WHAT IS TRANSLATIONAL RESEARCH

At the heart of SU2C’s funding model – which you can read in its entirety here – is an emphasis on translational research. The majority of funds raised by the initiative will go to multidisciplinary “dream teams” collaborating on this type of research. But what exactly is it, and why is it so important?

“Translational research can be pictured in the following way,” explains Nobel prizewinner Phillip Sharp, PhD, in an interview with SU2C. “I have a scientific insight.

I develop a drug for that scientific insight, or a new therapeutic approach . . . You have to find the cancer patient who would respond to this drug, and you have to deliver it to that cancer patient in a compassionate and reasonable way to see if you can get maximal response.”

The beauty of this approach is that it often results in getting effective treatments to patients as quickly as possible. It means focusing on the clinic in order to drive what happens in the lab, and vice versa: scientists look at diseases on a molecular level and develop tools for physicians to try in clinical trials, while clinicians make observations about the disease in humans that drive the scientists’ efforts.

Makes sense, right? Then why is so much of the current research on cancer restricted to the lab bench? This traditional approach is responsible for many of the advances in scientific understanding that make translational research possible. But in order to get effective therapies to patients quickly, there must be more support for the next step of the process – the step wherein basic science is translated into lifesaving treatment.
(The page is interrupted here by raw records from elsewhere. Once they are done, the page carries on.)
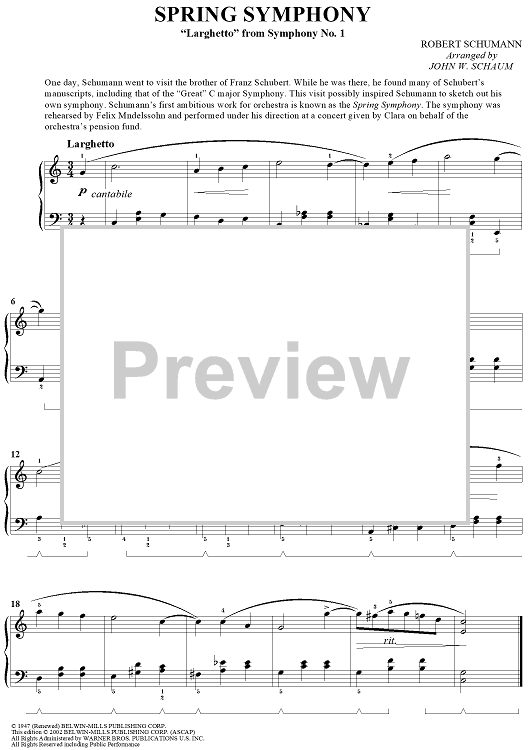 Digital Sheet Music for Spring Symphony ("Larghetto" from Symphony No. 1) by John W. Schaum, Robert Schumann scored for Piano Solo; id:296151
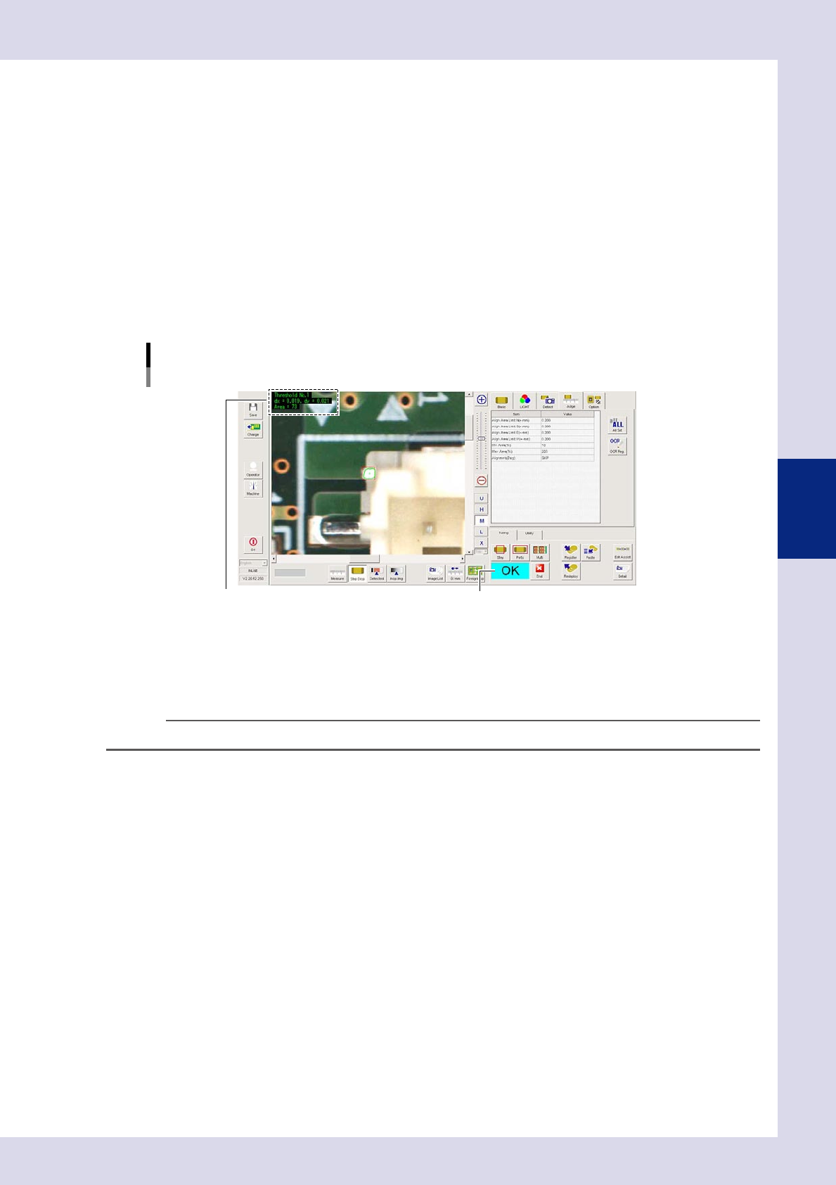 4-20 4 Inspection status 3 Set the "Judge" par ameters. Open the "Judge" tab and set the following param eters. "Judge" parameters Status: Position Correction 24429-P6-00 Position Correct Li…
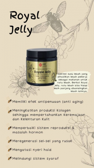 Susu lebah murni yang sangat tinggi collagen. Sebagai anti aging, melindungi sistem syaraf, membantu regenerasi sel, membantu mempercepat penyembuhan dll
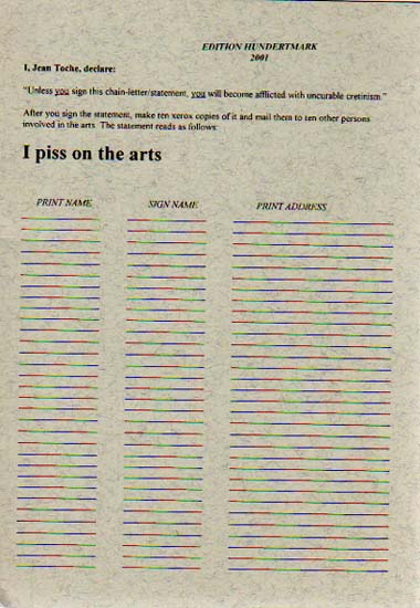 Toche, Jean: I piss on the arts. Erste Auflage. Köln. Edition Hundertmark. 2001. 21 x 15 cm. 16 unpaginierte S. OKarton. Sehr gutes Exemplar. 43. Heft der Edition Hundertmark. Text in Englisch / Text English.

“From the 1970s until the early 1990s, the mindset of basic cancer researchers was that cancer is so complex a process that a real solution cannot be found in our lifetimes, and that basic cancer research must remain aloof from the clinic,” said John Glaspy, MD, Director of the Jonsson Comprehensive Care Center’s Clinical Research Unit at UCLA. “Pursue pure, rigorous and non-goal-encumbered science to advance the understanding for some future generation that might find practical application feasible. This became an ingrained mindset.

Success in research meant ‘protection’ from clinical concerns.”

Since the tide began to turn in the 90s, there’s been plenty of evidence of the power of translational research. The development of breast cancer wonder drug trastuzumab (sold as Herceptin) is a famous example – the clinicians involved struggled for years to get funding for their research on the HER-2 gene, but today Herceptin, which inhibits the growth of cancerous cells, is one of the greatest success stories in cancer drug history.

“Had we had to depend on federal funding to do this, we'd never have been able to get it done,” said Dennis Slamon, MD, PhD, one of the creators of Herceptin and the director of the Woman’s Cancer Research Center at UCLA. “The process by which grants are submitted, reviewed, approved and funded is incredibly long, and it reduces ideas to lowest common denominator approaches. Approaches that are innovative frequently don't get funded.”

Other drugs that have emerged from translational research include Gleevec, which is used on chronic myelogenous leukemia and gastrointestinal stromal tumors; Avastin, for metastatic colon cancer and breast cancer; Tarceva, which treats non-small cell lung cancer, pancreatic cancer and more; Iressa, which is used to treat locally advanced or metastatic non-small cell lung cancer; and Erbitux, which treats metastatic colorectal cancer and head and neck cancer. Many of these drugs are currently being evaluated for use in other types of cancer as well.

“It was actually the discovery of Herceptin that shook the outmoded paradigm and started a rebirth of interest in ‘doing both,’ doing research and treating patients,” said Glaspy. “Given how stirring this story is, what is incomprehensible to me is that there is still a prejudice in basic cancer science against practical applications.

It’s as though it’s 1943 and we’ve become so infatuated with the shiny advanced weapons we are developing that we have forgotten why we started developing them in the first place.